Ausgangspunkt war eine bereits ein Jahr zurückliegende, mutmaßliche Trunkenheitsfahrt des 65-jährigen Mandanten, der in Schönau wohnt: Nachdem dieser sein Auto an der eigenen Wohnanschrift abgestellt habe und beim Aussteigen hingefallen sein soll, rief ein Nachbar die Polizei. Eine gute halbe Stunde später kamen zwei Beamte bei dem Mann an und sahen den "Verdacht der Alkoholisierung" bestätigt, wie es in der polizeilichen Tatschilderung heißt, die der RNZ vorliegt. Bevor der 65-Jährige die beiden Beamten anzeigte, hatten diese ihn infolge desselben Vorfalls wegen "Widerstands gegen Vollstreckungsbeamte" angezeigt. Hierfür war bereits eine Hauptverhandlung angesetzt, die nach der Anzeige gegen die Polizisten jedoch wieder abgesagt wurde; einen neuen Termin gibt es noch nicht. Darüber informierte Rechtsanwalt Laue auf Nachfrage. Das Verfahren wegen Trunkenheit am Steuer wurde übrigens wegen "geringer Schuld" eingestellt; laut Polizei ergab die Blutprobe einen Wert von 1,1 Promille. Diese wurde gut 90 Minuten nach der fraglichen Autofahrt genommen.

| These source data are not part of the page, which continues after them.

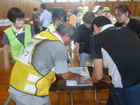 避難所運営訓練は、13時25分に大地震が発生したとの前提で行われました。
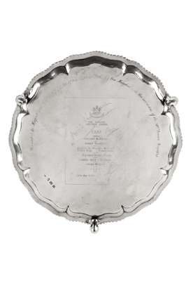 Also, engraved to the centre with a facsimile of the 50th dinner menu, and three signatures, including Neville Chamberlain
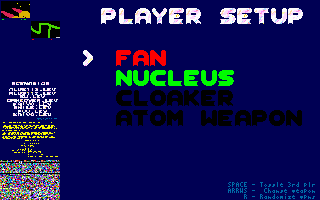 AUTS: The Ultimate Stress Relief Game specializes in fast-paced, split-screen action for two to four players. Each participant pilots a nimble V-shaped spaceship through winding caverns rendered in bitmap style, relying on quick reflexes to outmaneuver opponents. The core loop is simple: dodge incoming fire, collect power-ups, and blast rivals to smithereens.
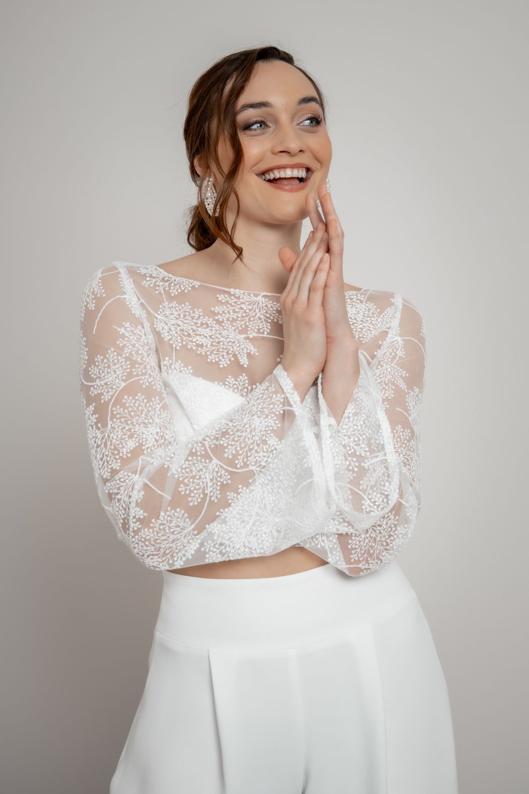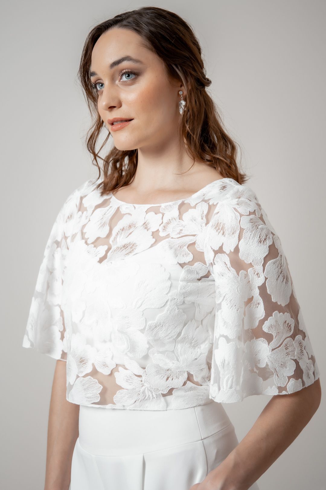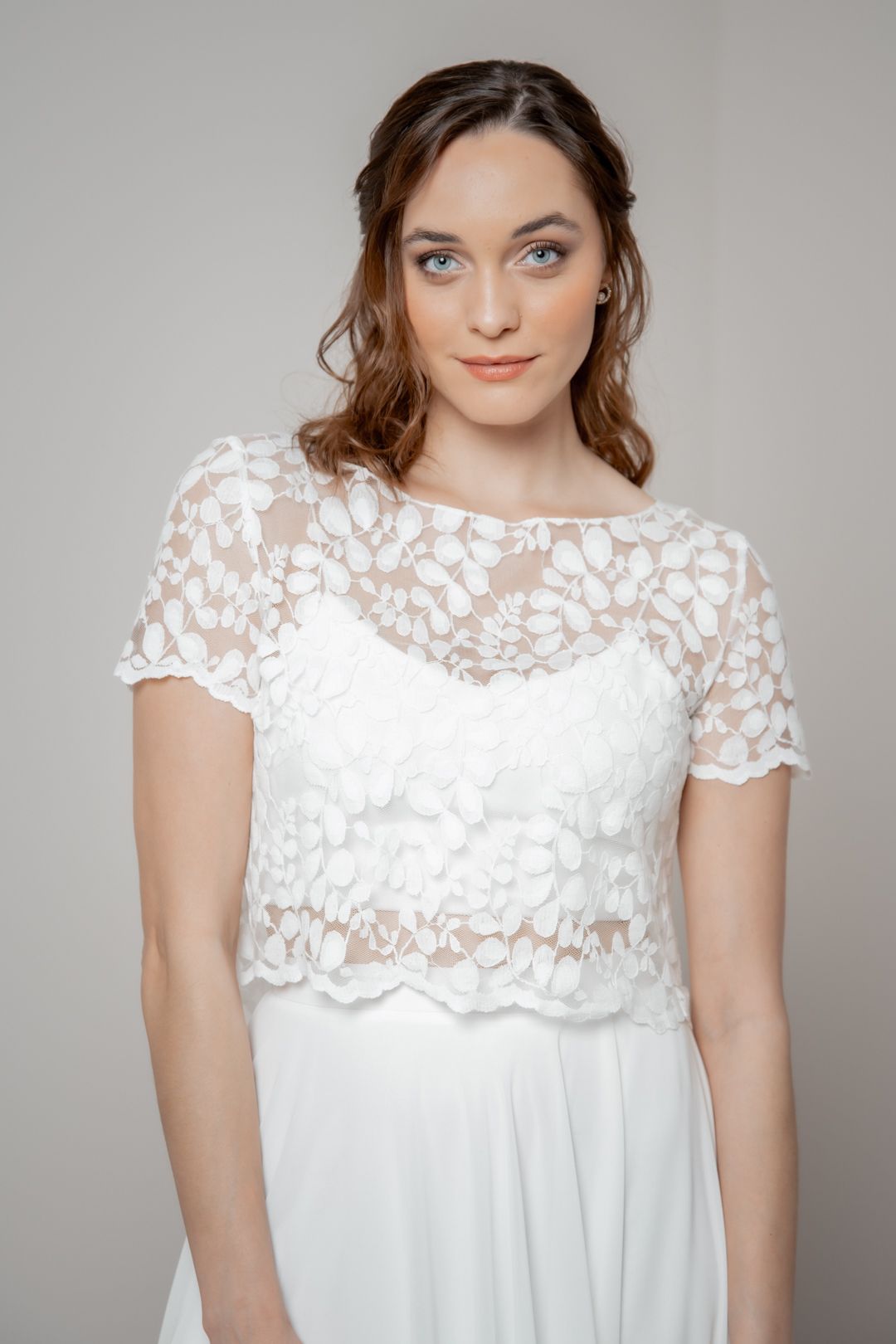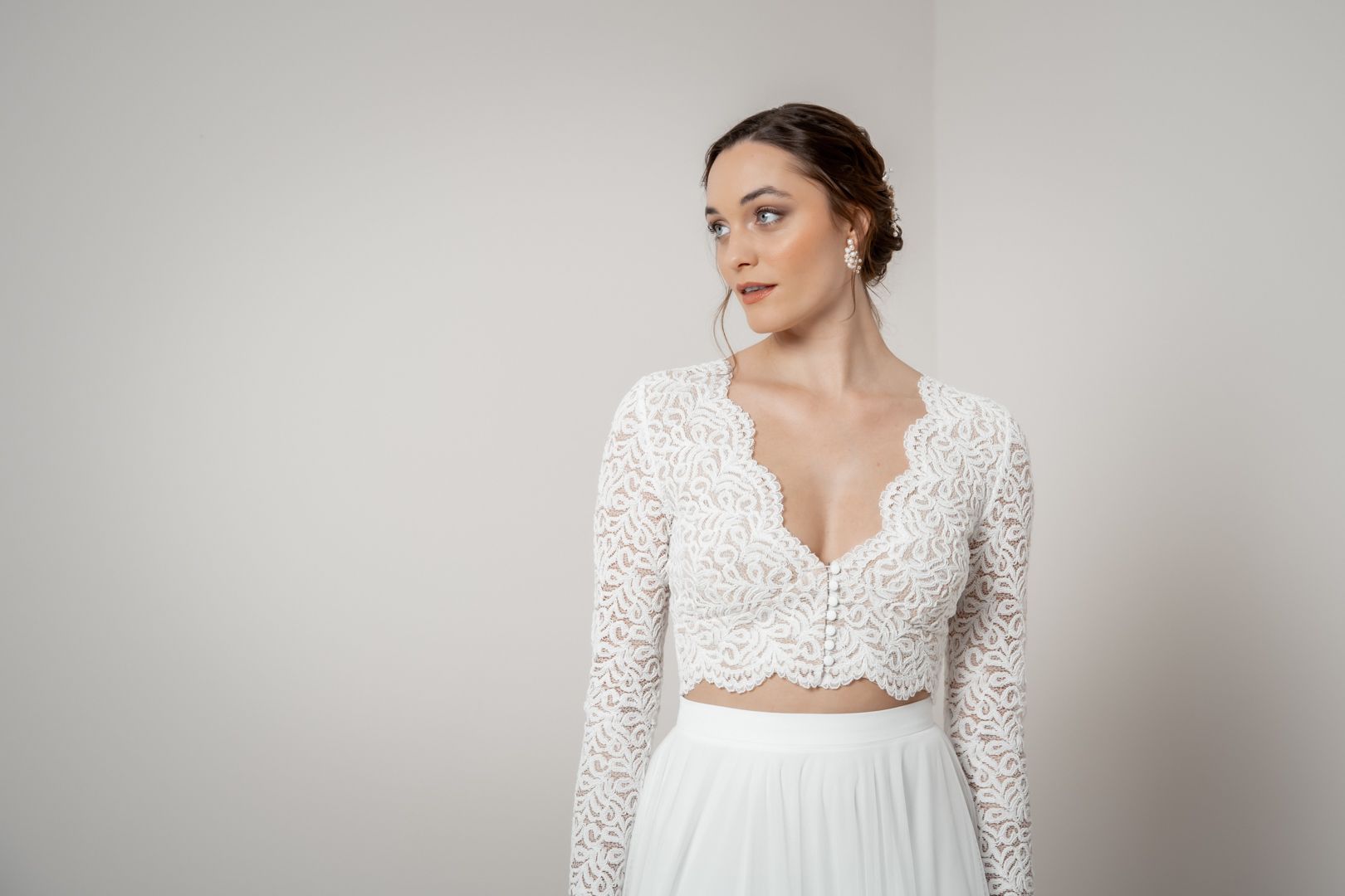 If you want to cover your shoulders in church or in the cooler evenings without resorting to a classic bolero or bridal jacket, then our noni bridal tops may be just the thing for you. Simply put on and taken off again, they give you a completely new look in no time and turn a simple wedding dress into a romantic two-piece wedding dress.

Der Zusammenfassung der Polizei zufolge lehnte der Schönauer an jenem Abend während des Gesprächs, das außerhalb des Hauses auf seinem Grundstück stattfand, einen freiwilligen Atemalkoholtest ab. Daraufhin habe ihm einer der Polizisten erklärt, dass er für eine Blutentnahme mit aufs Revier nach Neckargemünd kommen müsse. Dieser habe darauf hingewiesen, "dass der Transport und die Blutentnahme auch mit unmittelbarem Zwang durchgesetzt werden können".

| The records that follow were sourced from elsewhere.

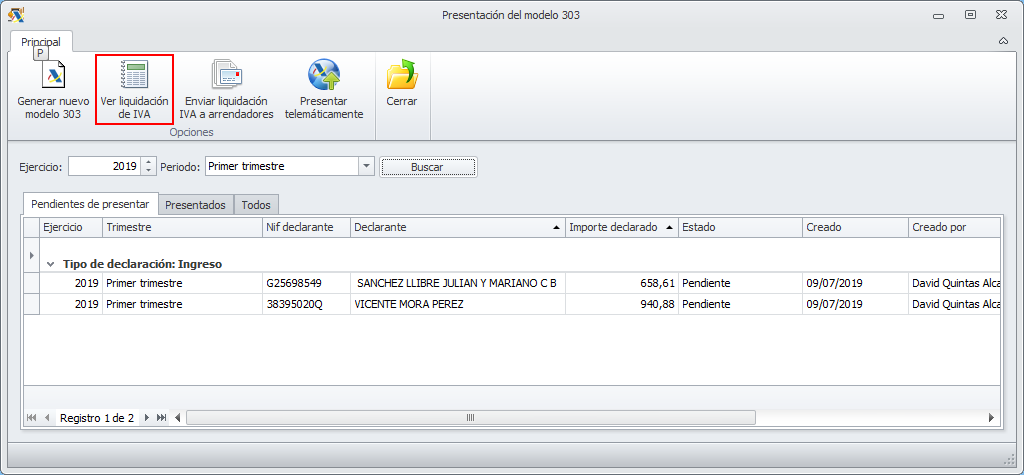 El informe Liquidación de IVA se genera en el mismo momento en que se genera el modelo 303. Se puede acceder a él desde el botón Ver liquidación de IVA de la ficha del modelo 303.
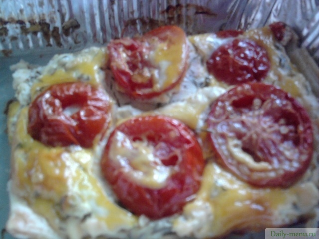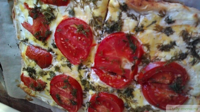 слоеное тесто бездрожжевое, творог 0.1%, помидоры, яйцо куриное, сыр плавленный шостка голландский, соль поваренная пищевая
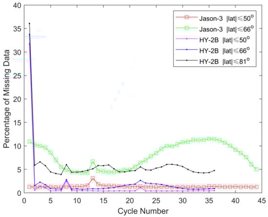 In addition, using the same statistical method as in the |latitude| ≤66° and |latitude| ≤50° areas, the data missing rates of the Jason-3 satellite were determined to be 7.59% and 1.38%, respectively.
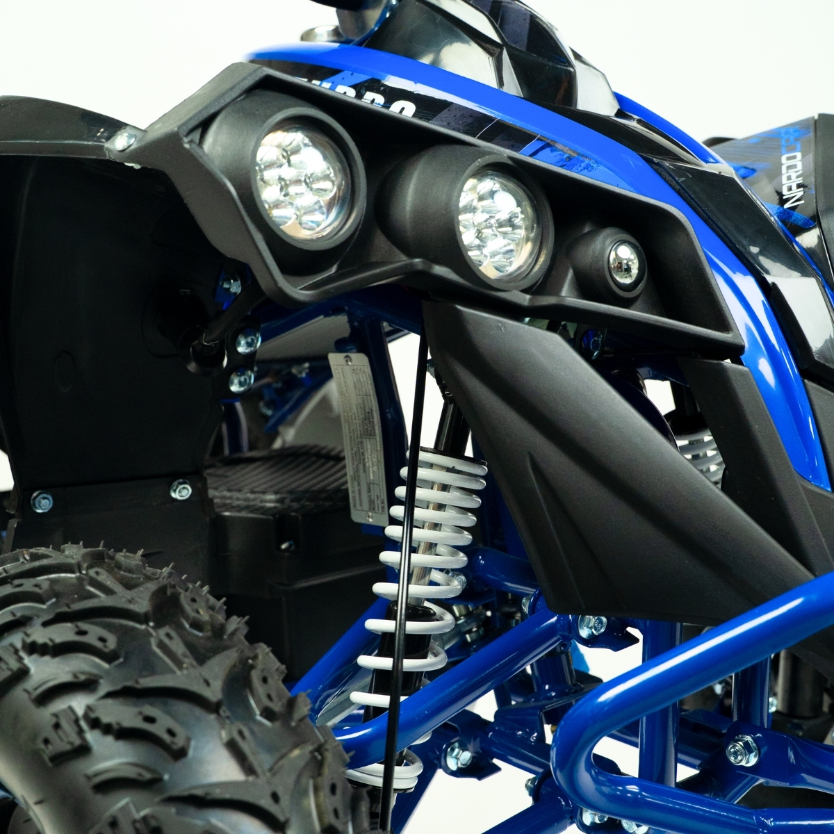 ATV:n är en fartsmaskin som väger 55 kg och når höga hastigheter för en kraftfull el-ATV-upplevelse. ATV:n är konstruerad med en metallram och ett dubbelbromssystem med skivbromsar som säkerställer stabil och funktionell bromsning under alla terräng- och väderförhållanden. En kvalitet du aldrig tidigare har upplevt i en elektrisk ATV.

Der Mandant sei aber "nicht einverstanden" gewesen und habe zurück in seine Wohnung gewollt. Einer der Beamten folgte ihm laut dem Bericht und "ergriff einen Arm" des 65-Jährigen. Dieser habe sich geweigert mitzukommen, weshalb ihm Handschellen angelegt werden sollten. Auch dagegen wehrte er sich der Schilderung der Polizei zufolge "aktiv, indem er zunächst seine Arme sperrte und danach sich durch Hin- und Herwinden des Oberkörpers aus den Griffen" des Beamten zu befreien versuchte. Demnach brachten die Beamten den Mann schließlich zu Boden und legten ihm die Handschellen auf dem Rücken an. "Beim zu Boden bringen kotete sich Herr X. ein, was er mitteilte", heißt es weiter.

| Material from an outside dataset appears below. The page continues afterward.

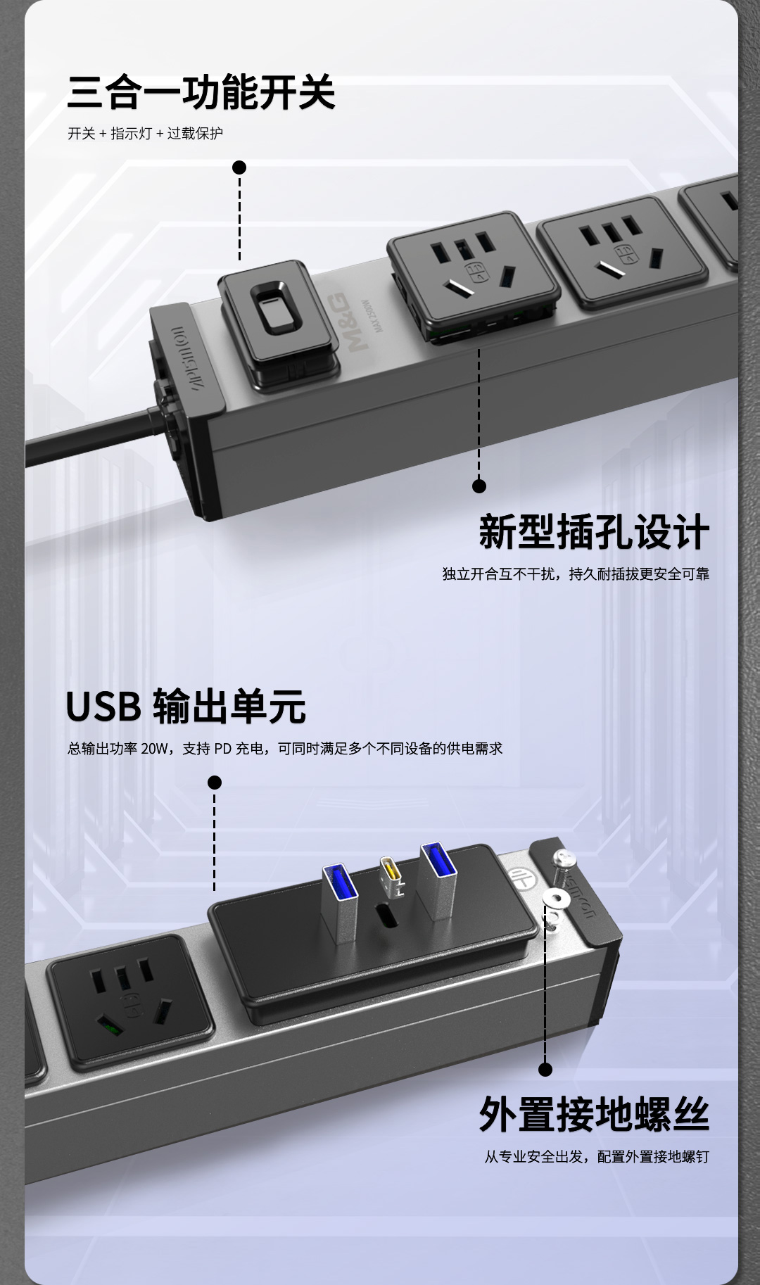 2 三合一功能开关:集成开关、指示灯与过载保护功能,提升用电安全性

Anwalt Laue betont, dass diese Darstellung einen wesentlichen Punkt unterschlage: "Unser Mandant ist Diabetiker und muss daher öfter zur Toilette." Der Schönauer habe die Beamten im Gespräch "mehrfach darauf hingewiesen, dass er jetzt zur Toilette müsse". Einer der Polizisten habe ihm aber das Betreten seines eigenen Hauses verweigert. Dabei habe er dem Mandanten "nach dessen Eindruck absichtlich das Knie in den unteren Rücken gedrückt, sodass es zur Darmentleerung kam".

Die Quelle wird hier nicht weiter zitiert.